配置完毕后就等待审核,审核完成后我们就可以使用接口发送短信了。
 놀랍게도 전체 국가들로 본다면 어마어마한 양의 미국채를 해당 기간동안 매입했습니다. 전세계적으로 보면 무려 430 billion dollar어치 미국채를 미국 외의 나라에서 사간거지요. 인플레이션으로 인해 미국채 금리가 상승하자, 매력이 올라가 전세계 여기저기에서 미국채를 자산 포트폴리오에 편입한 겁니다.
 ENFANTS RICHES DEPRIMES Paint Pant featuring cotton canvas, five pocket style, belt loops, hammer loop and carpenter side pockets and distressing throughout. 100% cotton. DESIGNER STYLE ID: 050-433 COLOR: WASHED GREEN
= = =
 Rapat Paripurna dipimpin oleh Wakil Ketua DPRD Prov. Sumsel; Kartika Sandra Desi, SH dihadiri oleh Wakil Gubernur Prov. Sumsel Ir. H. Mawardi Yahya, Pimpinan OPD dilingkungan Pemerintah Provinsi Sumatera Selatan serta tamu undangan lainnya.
= = =
§ **Your instructions**:
Out of the listing above, reproduce exactly the lines from the one with "配置完毕后就等待审核,审核完成后我们就可以使用接口发送短信了。" up to and including the one with "ENFANTS RICHES DEPRIMES".

§ **Task response**:
配置完毕后就等待审核,审核完成后我们就可以使用接口发送短信了。
 놀랍게도 전체 국가들로 본다면 어마어마한 양의 미국채를 해당 기간동안 매입했습니다. 전세계적으로 보면 무려 430 billion dollar어치 미국채를 미국 외의 나라에서 사간거지요. 인플레이션으로 인해 미국채 금리가 상승하자, 매력이 올라가 전세계 여기저기에서 미국채를 자산 포트폴리오에 편입한 겁니다.
 ENFANTS RICHES DEPRIMES Paint Pant featuring cotton canvas, five pocket style, belt loops, hammer loop and carpenter side pockets and distressing throughout. 100% cotton. DESIGNER STYLE ID: 050-433 COLOR: WASHED GREEN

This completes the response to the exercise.